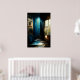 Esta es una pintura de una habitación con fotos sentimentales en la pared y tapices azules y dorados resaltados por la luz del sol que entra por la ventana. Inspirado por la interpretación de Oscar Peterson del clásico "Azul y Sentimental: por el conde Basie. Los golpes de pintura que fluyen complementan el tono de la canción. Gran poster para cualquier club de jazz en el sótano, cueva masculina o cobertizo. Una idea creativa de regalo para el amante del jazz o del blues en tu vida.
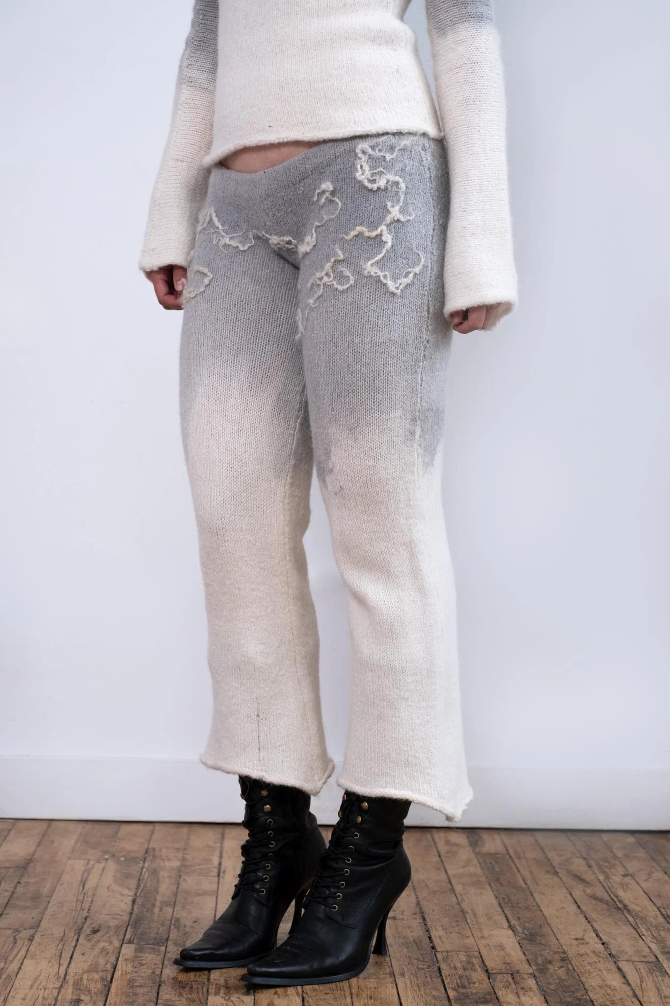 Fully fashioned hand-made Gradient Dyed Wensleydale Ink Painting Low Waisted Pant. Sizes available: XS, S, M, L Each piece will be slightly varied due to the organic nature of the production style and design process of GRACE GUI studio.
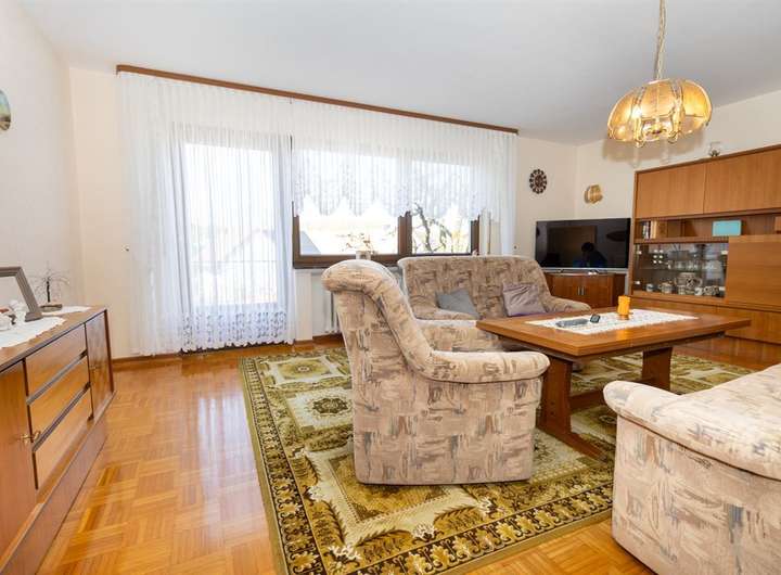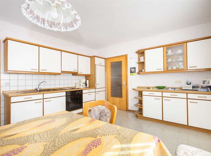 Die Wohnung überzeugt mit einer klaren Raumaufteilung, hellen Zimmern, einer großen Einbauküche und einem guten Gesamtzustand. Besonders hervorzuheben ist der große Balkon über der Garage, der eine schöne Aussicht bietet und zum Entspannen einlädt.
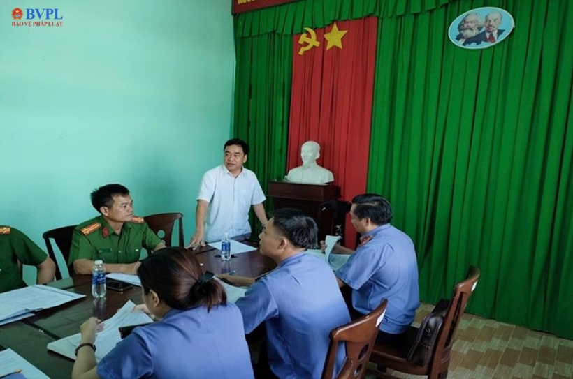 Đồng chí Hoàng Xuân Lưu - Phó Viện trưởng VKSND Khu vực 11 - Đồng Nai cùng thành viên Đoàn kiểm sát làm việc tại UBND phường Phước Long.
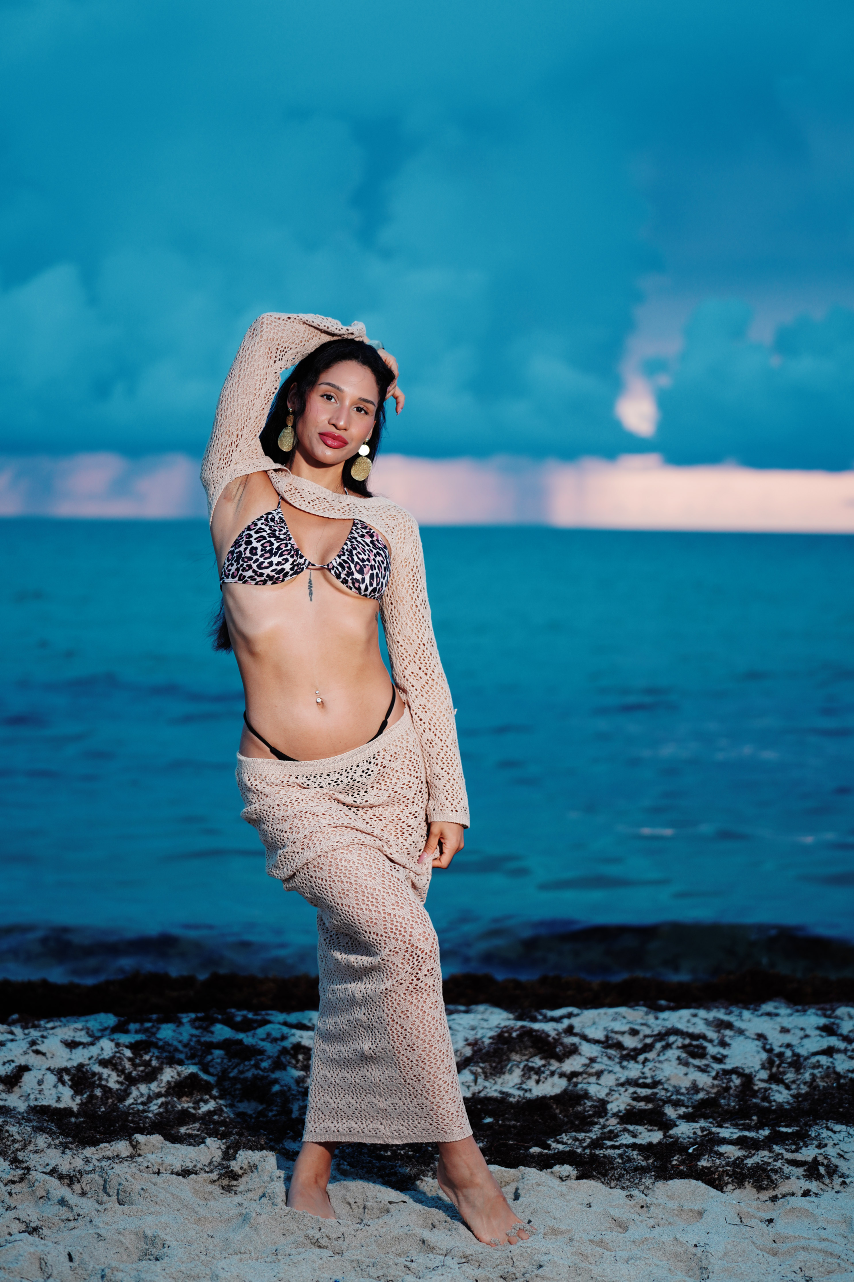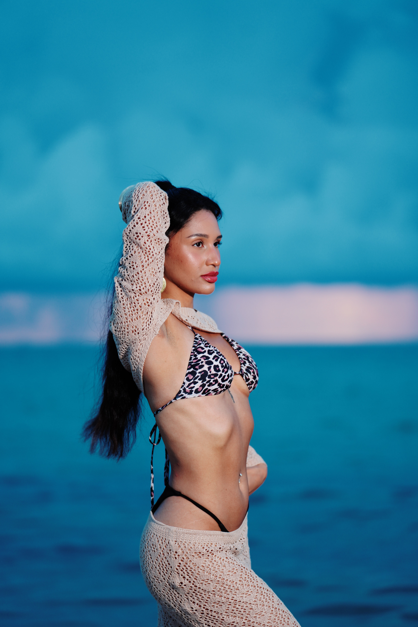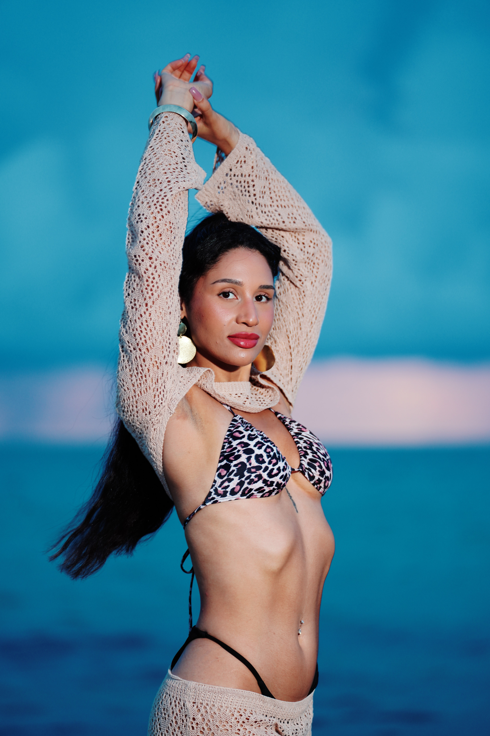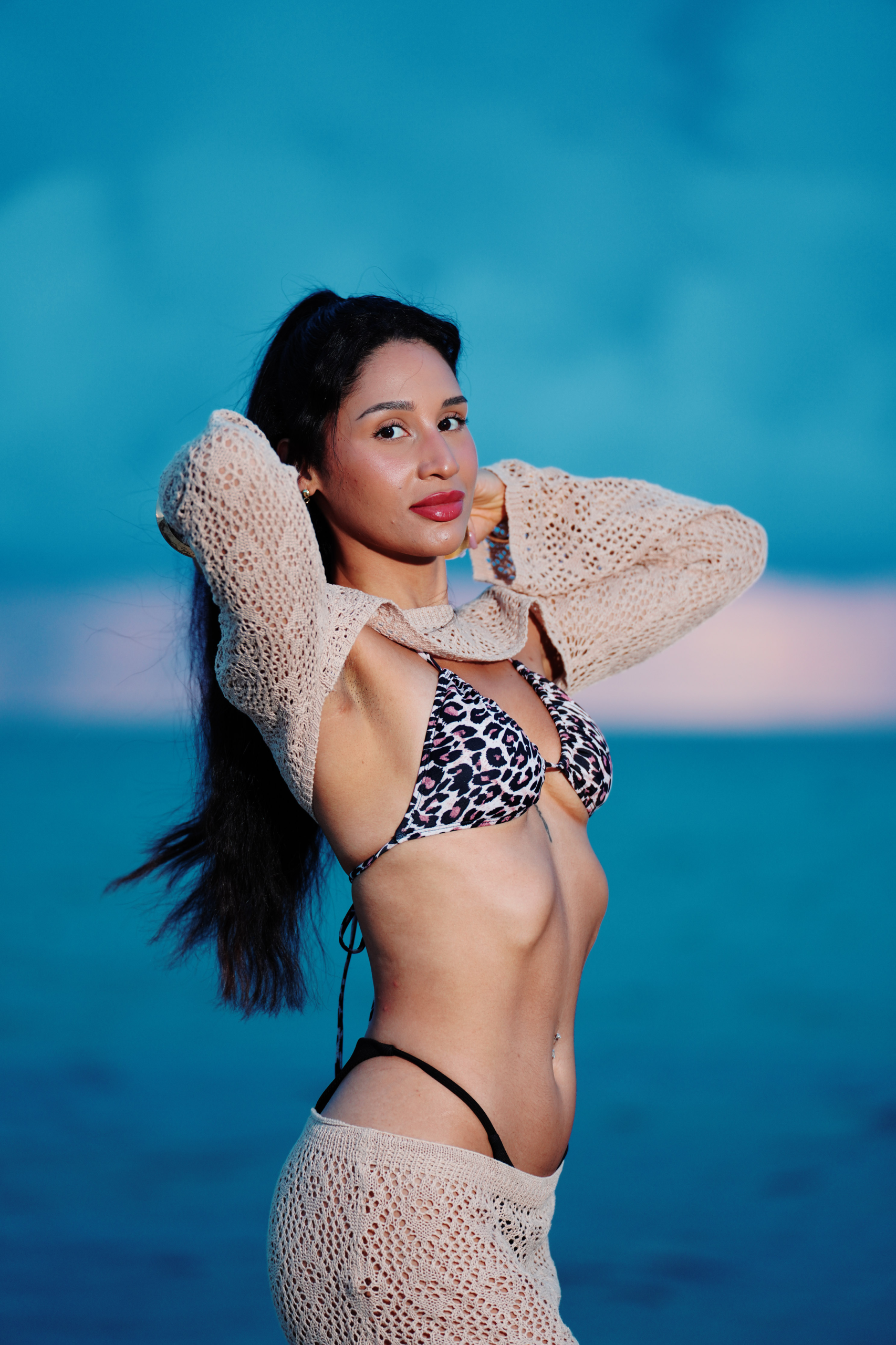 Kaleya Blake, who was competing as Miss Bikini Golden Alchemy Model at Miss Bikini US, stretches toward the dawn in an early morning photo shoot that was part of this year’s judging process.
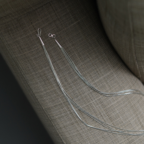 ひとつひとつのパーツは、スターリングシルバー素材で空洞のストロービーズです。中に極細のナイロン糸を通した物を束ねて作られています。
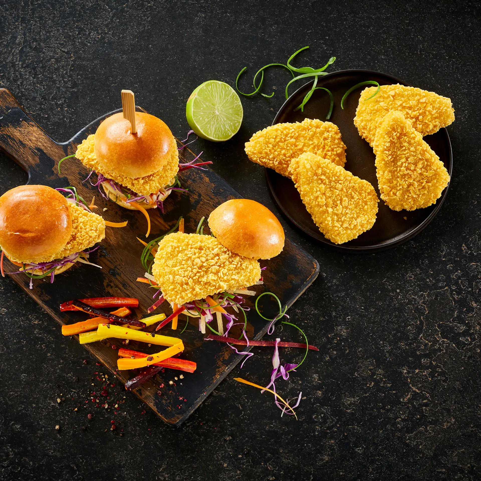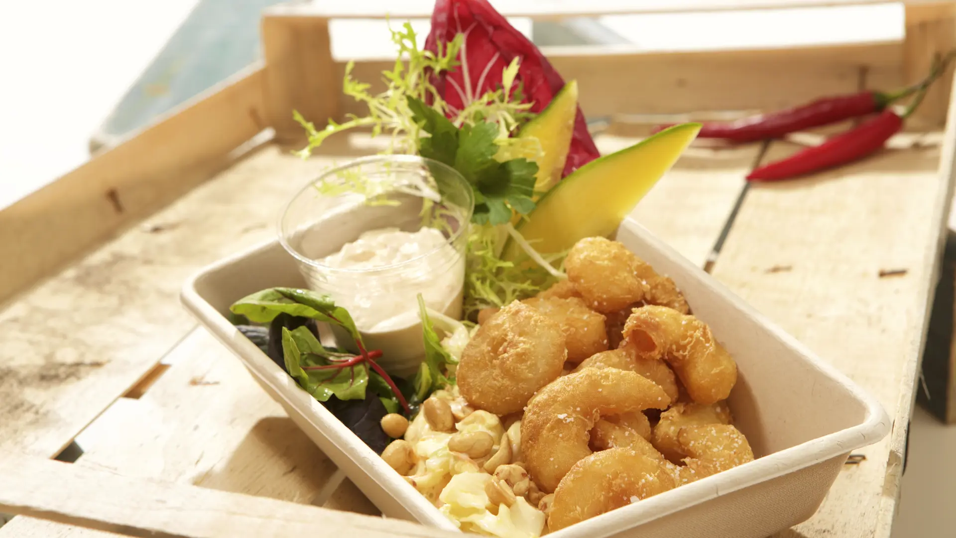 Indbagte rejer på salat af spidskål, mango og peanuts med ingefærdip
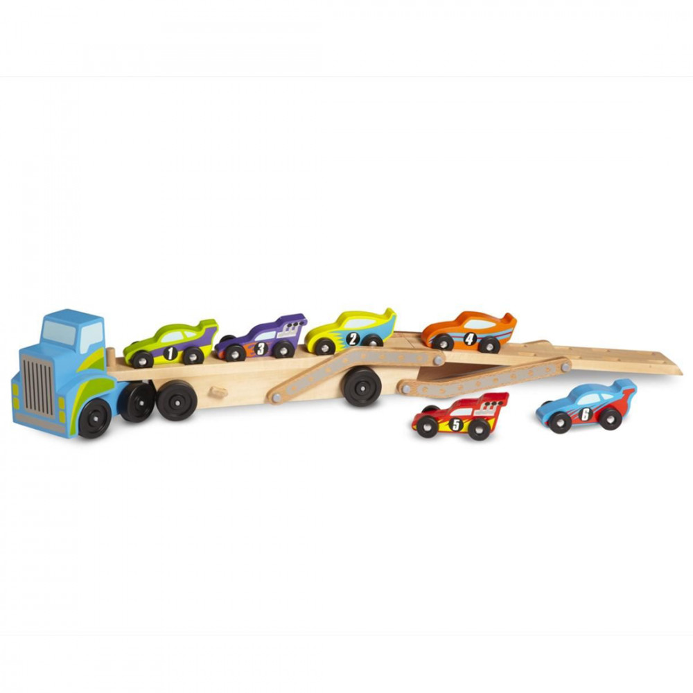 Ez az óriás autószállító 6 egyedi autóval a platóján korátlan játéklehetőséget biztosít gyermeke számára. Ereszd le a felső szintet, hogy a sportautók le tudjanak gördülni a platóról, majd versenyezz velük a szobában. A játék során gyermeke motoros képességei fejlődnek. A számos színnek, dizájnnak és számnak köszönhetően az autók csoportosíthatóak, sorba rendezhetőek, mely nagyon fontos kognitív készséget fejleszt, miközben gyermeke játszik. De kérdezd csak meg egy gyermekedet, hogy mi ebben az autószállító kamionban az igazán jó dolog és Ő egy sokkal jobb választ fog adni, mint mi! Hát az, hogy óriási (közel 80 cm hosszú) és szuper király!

## Your assignment
The answer must be the lines from the first one in the records through the line containing "Indbagte rejer på", copied exactly, with no pictures.

## Answer below
 Esta es una pintura de una habitación con fotos sentimentales en la pared y tapices azules y dorados resaltados por la luz del sol que entra por la ventana. Inspirado por la interpretación de Oscar Peterson del clásico "Azul y Sentimental: por el conde Basie. Los golpes de pintura que fluyen complementan el tono de la canción. Gran poster para cualquier club de jazz en el sótano, cueva masculina o cobertizo. Una idea creativa de regalo para el amante del jazz o del blues en tu vida.
 Fully fashioned hand-made Gradient Dyed Wensleydale Ink Painting Low Waisted Pant. Sizes available: XS, S, M, L Each piece will be slightly varied due to the organic nature of the production style and design process of GRACE GUI studio.
 Die Wohnung überzeugt mit einer klaren Raumaufteilung, hellen Zimmern, einer großen Einbauküche und einem guten Gesamtzustand. Besonders hervorzuheben ist der große Balkon über der Garage, der eine schöne Aussicht bietet und zum Entspannen einlädt.
 Đồng chí Hoàng Xuân Lưu - Phó Viện trưởng VKSND Khu vực 11 - Đồng Nai cùng thành viên Đoàn kiểm sát làm việc tại UBND phường Phước Long.
 Kaleya Blake, who was competing as Miss Bikini Golden Alchemy Model at Miss Bikini US, stretches toward the dawn in an early morning photo shoot that was part of this year’s judging process.
 ひとつひとつのパーツは、スターリングシルバー素材で空洞のストロービーズです。中に極細のナイロン糸を通した物を束ねて作られています。
 Indbagte rejer på salat af spidskål, mango og peanuts med ingefærdip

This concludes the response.